In the 19th century France began taking an interest in Vietnam, conquering Cochinchina by 1862. It then expanded its rule over Annam (central Vietnam) and then Tonkin (northern Vietnam) in 1883–84, alarming China and precipitating the Sino-French War. Hostilities were ended via the Treaty of Tientsin (1885), which provided for the demarcation of the border between China and Tonkin. Article 3 of the treaty provided for the appointment of a Sino-French commission to demarcate the border between Tonkin and China, which forms today's China–Vietnam border. China's commissioners were Zhou Derun (周德潤 (Chou Te-jun)), and Deng Chengxiu (鄧承修 (Teng Ch'eng-hsiu)). The French commission was led by M. Bourcier Saint-Chaffray, and its members included M. Scherzer, the French consul in Guangzhou, Dr. Paul Neis, a noted Indochina explorer, Lieutenant-Colonel Tisseyre, Captain Bouinais, and M. Pallu de la Barrière (though the latter took no part in the commission's work). In preparation for the commission's work General de Courcy despatched French troops to occupy Lạng Sơn, That Khe and other border towns in October 1885.

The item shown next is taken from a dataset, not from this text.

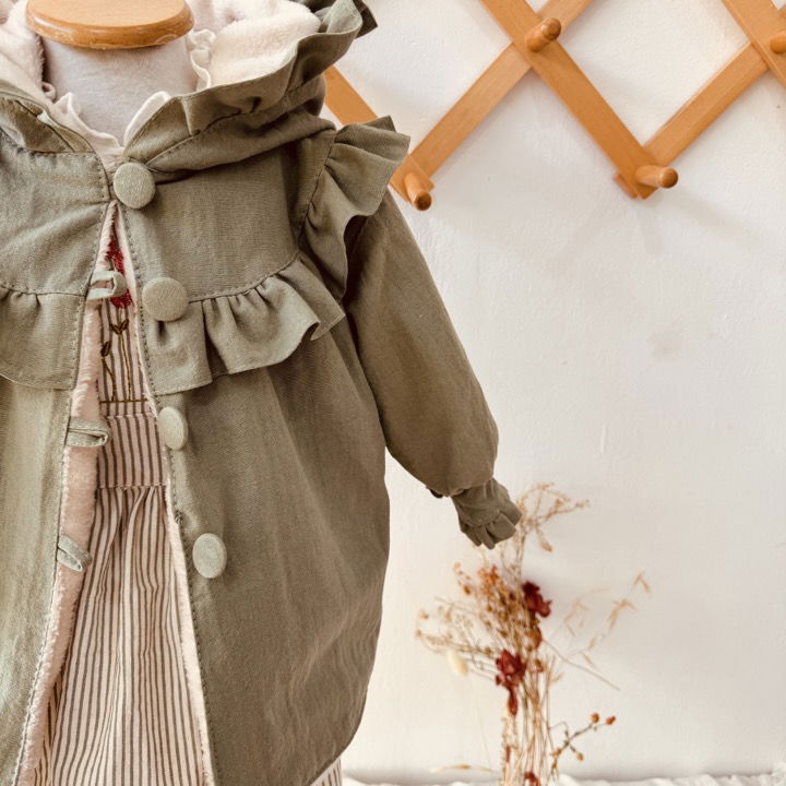 La prenda mas abrigadita de Mielita en este invierno , confeccionada en Tusor pesado una tela gruesita y calentita forrada completamente por dentro de piel cita suavecita color manteca.

Demarcation work began in late 1885 and was completed in 1887, the latter the same year that Tonkin was incorporated into the colony of French Indochina. The French rejected Chinese claims to the Vietnamese town of Đồng Đăng, close to the Guangxi border and the site of a French victory during the Sino-French War, but agreed that the Pak-lung peninsula (白龍尾) on the western border of Guangdong province should be awarded to China. A dispute over two areas on the border between Yunnan province and Tonkin was settled by the award of Mường So (猛梭 (Měngsuō, Meng-suo)) and Menglai (猛賴 (Meng-lai)) to Vietnam and the transfer of a large tract of fertile arable land between Mabaiguan (馬白關 (Ma-pai-kuan)) and Nandanshan (南丹山 (Nan-tan-shan)) to China. A Convention confirming the new border between Vietnam and China was signed in Beijing on 26 June 1887 by French and Chinese representatives. A later convention, signed on 20 June 1895, delimited some disputed areas of the frontier. Subsequently 285–341 border markers (Note: Differing figures for the precise number of markers are given in different sources.) were erected along the boundary. The border demarcation between the French and the Qing Dynasty was described as being carried out under "incomplete technical and practical conditions and incomplete and unclear and inaccurate texts and maps of many border sections." The border markers were erected not based on a coordinate grid and many suffered damage, were lost through time or removed. Many of the original maps also no longer existed and migration of populations took place that was not in accordance with the de jure borderline. All these factors posed difficulties to border management.

===Modern era===
French Indochina was invaded by Japan via China during the Second World War, though a compromise was arranged whereby a Vichy French administration continued to run the colony whilst Japanese troops were allowed to be stationed there. This modus vivendi broke down in the final year of the war – a short-lived Vietnamese puppet-state was established by the Japanese, which later collapsed, prompting the nationalist Việt Minh movement under Hồ Chí Minh to declare independence. A long war then broke out as France attempted to reassert control, ending in their defeat and the independence of Vietnam; however the country was split in two, with North Vietnam like China now under Communist rule. In 1957 and 1958 China and North Vietnam confirmed that they both respected the border established via the Tientsin Protocol.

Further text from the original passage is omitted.